• **Dataset content**:
· · ·

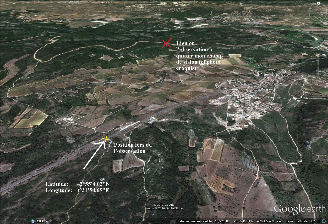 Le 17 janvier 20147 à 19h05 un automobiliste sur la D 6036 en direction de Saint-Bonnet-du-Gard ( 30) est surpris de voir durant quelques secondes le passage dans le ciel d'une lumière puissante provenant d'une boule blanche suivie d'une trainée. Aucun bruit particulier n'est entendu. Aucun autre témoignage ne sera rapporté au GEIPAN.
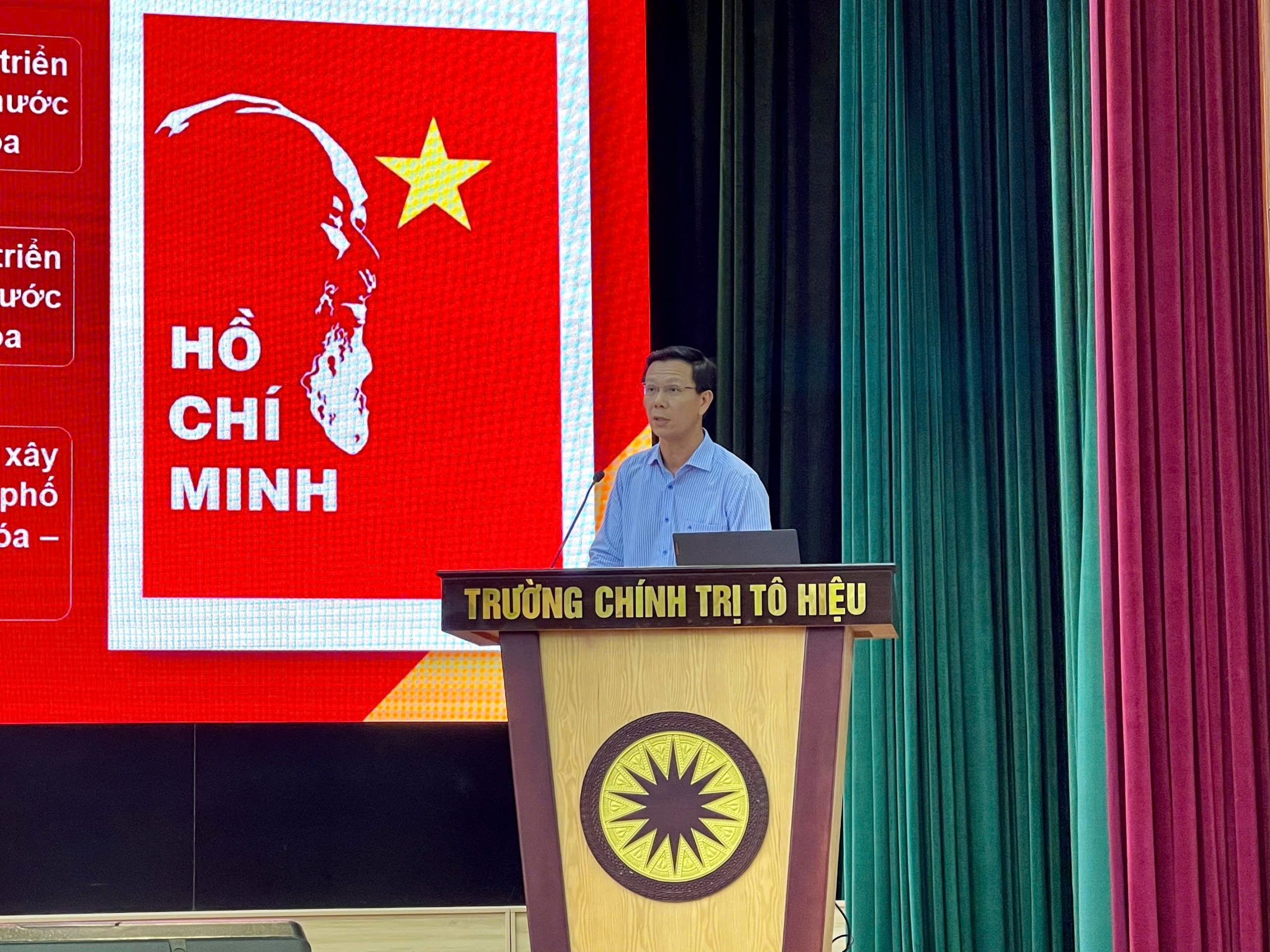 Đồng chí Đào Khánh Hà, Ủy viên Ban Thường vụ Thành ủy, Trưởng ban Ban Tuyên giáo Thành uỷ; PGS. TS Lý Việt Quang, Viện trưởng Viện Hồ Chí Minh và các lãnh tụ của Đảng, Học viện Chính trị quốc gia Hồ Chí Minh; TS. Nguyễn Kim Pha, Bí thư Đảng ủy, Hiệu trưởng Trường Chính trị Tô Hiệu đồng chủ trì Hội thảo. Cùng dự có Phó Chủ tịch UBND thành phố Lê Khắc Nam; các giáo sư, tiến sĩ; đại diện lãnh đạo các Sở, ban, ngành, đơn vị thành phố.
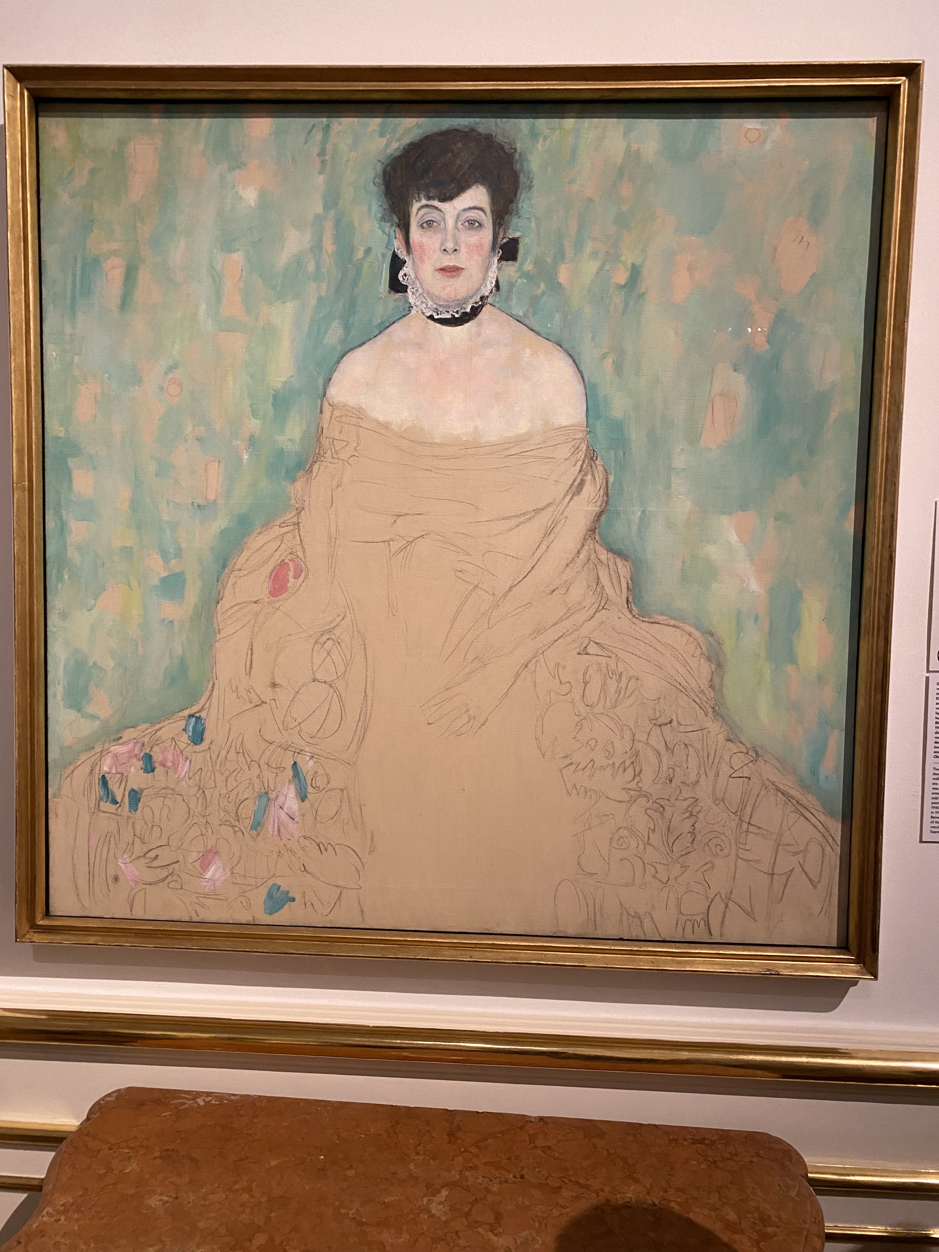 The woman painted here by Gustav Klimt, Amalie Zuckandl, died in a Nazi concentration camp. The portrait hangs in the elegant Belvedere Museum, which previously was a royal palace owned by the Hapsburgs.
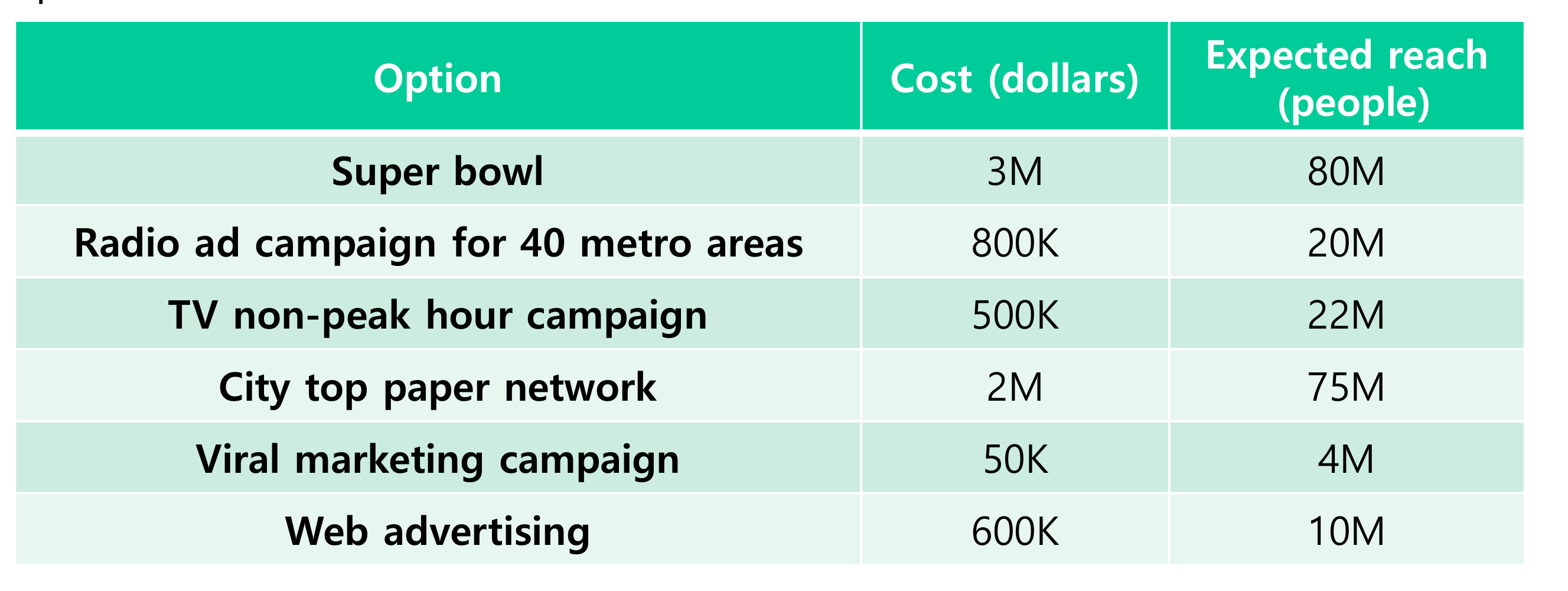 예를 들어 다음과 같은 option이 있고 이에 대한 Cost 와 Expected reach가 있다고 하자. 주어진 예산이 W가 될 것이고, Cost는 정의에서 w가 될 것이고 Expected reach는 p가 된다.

· · ·

• **Exercise**:
Set down each line of the material exactly and skip every image.

• **Reply**:
 Le 17 janvier 20147 à 19h05 un automobiliste sur la D 6036 en direction de Saint-Bonnet-du-Gard ( 30) est surpris de voir durant quelques secondes le passage dans le ciel d'une lumière puissante provenant d'une boule blanche suivie d'une trainée. Aucun bruit particulier n'est entendu. Aucun autre témoignage ne sera rapporté au GEIPAN.
 Đồng chí Đào Khánh Hà, Ủy viên Ban Thường vụ Thành ủy, Trưởng ban Ban Tuyên giáo Thành uỷ; PGS. TS Lý Việt Quang, Viện trưởng Viện Hồ Chí Minh và các lãnh tụ của Đảng, Học viện Chính trị quốc gia Hồ Chí Minh; TS. Nguyễn Kim Pha, Bí thư Đảng ủy, Hiệu trưởng Trường Chính trị Tô Hiệu đồng chủ trì Hội thảo. Cùng dự có Phó Chủ tịch UBND thành phố Lê Khắc Nam; các giáo sư, tiến sĩ; đại diện lãnh đạo các Sở, ban, ngành, đơn vị thành phố.
 The woman painted here by Gustav Klimt, Amalie Zuckandl, died in a Nazi concentration camp. The portrait hangs in the elegant Belvedere Museum, which previously was a royal palace owned by the Hapsburgs.
 예를 들어 다음과 같은 option이 있고 이에 대한 Cost 와 Expected reach가 있다고 하자. 주어진 예산이 W가 될 것이고, Cost는 정의에서 w가 될 것이고 Expected reach는 p가 된다.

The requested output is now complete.